2.Managing Digital Signatures With companies’ transitioning to digital systems, regulatory agencies have formulated several policies to safeguard electronic signatures. Poor document control is a significant reason for companies’ failure of regulatory audits. A ‘hard to audit’ digital system opens it up to more manual documentation changes by end-users. Companies need to have robust security control with hierarchical approval procedures to preserve electronic information and avoid regulatory penalties. It is hence imperative that your ERP system has the necessary infrastructure to manage electronic signatures at different steps. These acceptable electronic signatures can then easily be audited and reported.
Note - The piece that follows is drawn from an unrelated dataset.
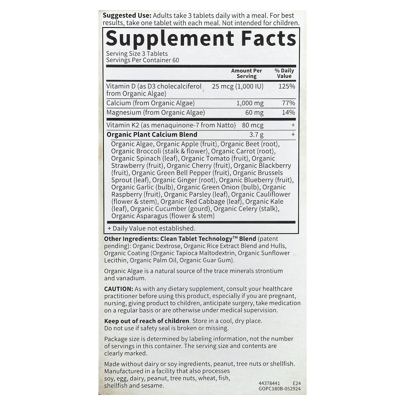 Кальций растительного происхождения, витамины D3 и K2 в виде MK-7, а также более чем 20 органических продуктов, выращенных на семейных фермах

3.Mitigating Quality Management Issues The purpose of implementing an electronic signature software is to grow collaboration across departments in your company, and not just in quality control. How your end users adapt to quality management processes plays a crucial role in realizing a software’s true potential. The digital system helps generate faster resolutions to pending requests by auto-reminding end users. Adopting good documentation practices in the pharmaceutical industry is essential to drive away quality management issues to make your company more stable, reliable and growth-oriented.

4.Changing Complacent Corporate Culture electing an intuitive, easy-to-use system and overall organizational change management are two critical parameters to ensure a swift transition to a digital system. It is essential to make end-users understand the workflow benefits of digital document management systems. If issues get ignored before the transition to a more compliant system, the legacy system’s inefficiencies will transfer over to the new system. Even though there could be initial resistance to switch to such a controlled system, the long-term benefits will outweigh the short-term user adaption issue. Being prepared and setting an expectation of what the change will be like and the type of issues to expect will be the first step to help users understand that the changeover may feel difficult at first but ultimately will help them be more successful.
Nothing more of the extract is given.